Making Exclusivity Inclusive
By Jordan K. Speer
Woody Allen's character's self-deprecating line in Annie Hall that he "would never want to belong to any club that would have someone like [him] for a member" is incredibly funny, but it also draws on some common (and sometimes conflicting) human characteristics: to want to belong, to want to stand apart, to imagine the grass as greener elsewhere, to wrestle with ourselves.
Are these characteristics wired into the human psyche? Perhaps. Are they a marketer's dream? Absolutely. But harnessing the power of these emotions behind the bottom line isn't always easy, especially when you're navigating the fine boundary between the yin and yang of exclusivity and inclusiveness.

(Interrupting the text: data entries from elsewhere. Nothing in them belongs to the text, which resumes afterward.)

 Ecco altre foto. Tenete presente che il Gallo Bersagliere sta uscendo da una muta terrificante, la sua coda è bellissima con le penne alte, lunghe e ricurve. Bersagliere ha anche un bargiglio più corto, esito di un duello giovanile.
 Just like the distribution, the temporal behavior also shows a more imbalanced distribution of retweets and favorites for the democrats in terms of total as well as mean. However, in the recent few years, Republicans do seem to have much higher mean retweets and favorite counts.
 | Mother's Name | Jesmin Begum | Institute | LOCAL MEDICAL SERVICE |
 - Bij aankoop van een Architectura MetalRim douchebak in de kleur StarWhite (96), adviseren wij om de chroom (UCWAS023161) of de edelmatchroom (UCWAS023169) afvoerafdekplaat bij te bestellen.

I suspect that most apparel retailers and brands would like for their products to be regarded by the consumer as special and different. As something exclusive, that, by extension, bestows its unique characteristics on the wearer. Consumers want that, too.
But the sheen of exclusivity has its limits. Consumers, because they are also people, crave acceptance and social attachments, and regard their clothing as a membership card of sorts, with their choice of duds likewise conferring on them inclusion into one or another social group.

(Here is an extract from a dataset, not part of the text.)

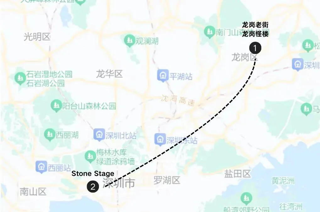 路线将以艺术家张胜佳的影像作品《龙岗怪楼》为线索,探访深圳知名都市传说龙岗怪楼。这是一座由香港商人自上世纪70年代起开始建造的私人住宅,楼高共11层,是一座上大下小的混凝土碉楼。在一片矮楼瓦房中,怪楼以不合比例的尺度和形态显得异常突兀,长期封闭的状态使它成为传闻中的“疯子的迷宫”“鬼屋”“金屋藏娇”“风水长命塔”“战争避难所”。怪楼所在的龙岗老街旧称龙岗墟,主体的三街六巷围绕着中心的榕树头排布开来,是历史上惠东宝三县的商贸中心,保有许多清末民国时期的建筑与客家族群的历史印记。路线还将探访Stone Stage思动思德局编辑部,并在这里进行《龙岗怪楼》影像放映与映后对谈。
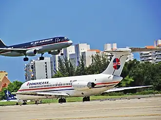 ![]() Eine ebenfalls in der Dominikanischen Republik auf eine andere Fluggesellschaft (PAWA Dominicana) zugelassene Douglas DC-9-32, ähnlich der Unfallmaschine | |

So it is that apparel marketers must find the appropriate balance between the two -- maximizing both the perception of exclusivity and the sense of belonging -- while also creating wide appeal (another twist on inclusiveness) to optimize sales. And while these aren't new concerns, they are suddenly rife with new opportunities resulting from swiftly evolving developments in social media, technology and global connectivity, which by their very nature exploit both exclusivity and inclusiveness to maximum effect.
Consider Facebook, with its more than 500 million active users, and growing daily. Fifty percent of active users log on to Facebook on any given day, and collectively, users spend more than 700 billion minutes on the site monthly, interacting with more than 900 million objects, in more than 70 languages. About 70 percent of Facebook users live outside the United States. The site is free and available to anyone with a computer. Now that's inclusiveness.

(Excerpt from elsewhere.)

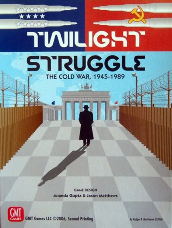 TWILIGHT STRUGGLE is my all-time favorite game. It is a brilliant first design by the team of Jason Matthews and Ananda Gupta. It takes the card-driven genre of games like WE THE PEOPLE, HANNIBAL; ROME VS. CARTHAGE, and WILDERNESS WAR to its highest peak. Every game is different and the game gets better and better as become more familiar with the individual cards. You are surprised as hidden combos are revealed game after game. Every turn is filled with tension as you try to figure out the best way to play the hand of cards you've been dealt. Gaming simply doesn't get any better than this. -Alan R. Moon "Now the trumpet summons us again, not as a call to bear arms, though arms we need; not as a call to battle, though embattled we are but a call to bear the burden of a long twilight struggle." John F. Kennedy In 1945, unlikely allies toppled Hitler's war machine, while humanity's most devastating weapons forced the Japanese Empire to its knees in a storm of fire. Where once there stood many great powers, there now stood only two the United States and the Soviet Union. The world had scant months to collectively sigh in relief before a new conflict threatened. Unlike the titanic struggles of the preceding decades, this conflict would be waged not primarily by soldiers and tanks, but by spies and politicians, scientists and intellectuals, artists and traitors. Twilight Struggle is a two-player game simulating the 45 year dance of intrigue, prestige, and occasional flares of warfare between the USSR and the USA. The entire world is the stage on which these two titans fight. The game begins amidst the ruins of Europe as the two new superpowers scramble over the wreckage of WWII and ends in 1989, when only the United States remained standing. Twilight Struggle inherits its fundamental systems from the card-driven classics We the People and Hannibal. It is a quick-playing, low-complexity game in that same tradition. The game map is a world map of the period, whereon players move units and exert influence in attempts to gain allies and control for their superpower. Twilight Struggle's Event cards add detail and flavor to the game. They cover a vast array of historical happenings: the Arab-Israeli conflicts, Vietnam, the peace movement, the Cuban Missile Crisis, and other such incidents that brought the world to the brink of nuclear annihilation. Subsystems capture the prestige-laden Space Race as well as nuclear tensions, with the possibility of game-ending nuclear war. Can you, as the U.S. President or Soviet Premier, lead your nation to victory? Play Twilight Struggle and find out. -------------------------------------------------------------------------------- Game Components COUNTERS 228 full color counters MAP One Deluxe 22"x34" full-color cardboard map CARDS 110 Event Cards OTHER Two six-sided dice 24-page Rule book 2 full color Player Aid cards -------------------------------------------------------------------------------- Game Features TIME SCALE approx. 3-5 years per turn MAP SCALE Point-to-point system UNIT SCALE Influence markers NUMBER OF PLAYERS 1 - 2

Yet, the average user has just 130 friends, and depending on privacy settings, can roam Facebook in a very intimate and select way, simultaneously belonging to a customized club and a massive global network. Quoted in this issue, Facebook's Stephen Zangre says the site taps into the social graph that links everyone, everything and everywhere a person knows, likes and goes, together, and that the sheer numbers of people and time spent on the site are what give it its power.
The opportunities to tap into this kind of power are incredible. It's what Rue La La's Stacey Santo means when, citing the 70 percent of the private online boutique's members that come from friends telling friends, she says: "That's a lot of whispers to get to 2.2 million in two years."
Bringing exclusivity to the masses has never been more possible; as mobile storefronts surge, savvy retailers are pushing out personalized coupons and messaging to consumers en masse, via their smartphones, or allowing them to purchase apparel directly from video (see p. 20).
But it doesn't end there. Exclusivity comes in many forms. There's the ever-improving technology to support these exponentially growing vats of data, to supply actionable business intelligence to retailers (see this month's story about Casual Male, p. 16, for example), and there's the exclusivity that comes from gaining a reputation as a retailer that offers great service and product, always in stock. Apparel's annual RFID Report, featured in this issue, provides a graphical analysis of retailers poised to reap the rewards from RFID technology, and those that lag behind.
Let's not forget exclusive partnerships, such as the recently announced collaboration between Mango and JCPenney (p. 8): exclusive, because the new MNG by Mango will be offered only at JCPenney; inclusive, because there are 600 JCPenney stores nationwide.
Finding the perfect balance of your company's yin and yang is up to you, and happily, the opportunities to achieve it abound. To paraphrase Mae West: Too muchof a good thing can be profitable -- and that's a club everyone wants to belong to.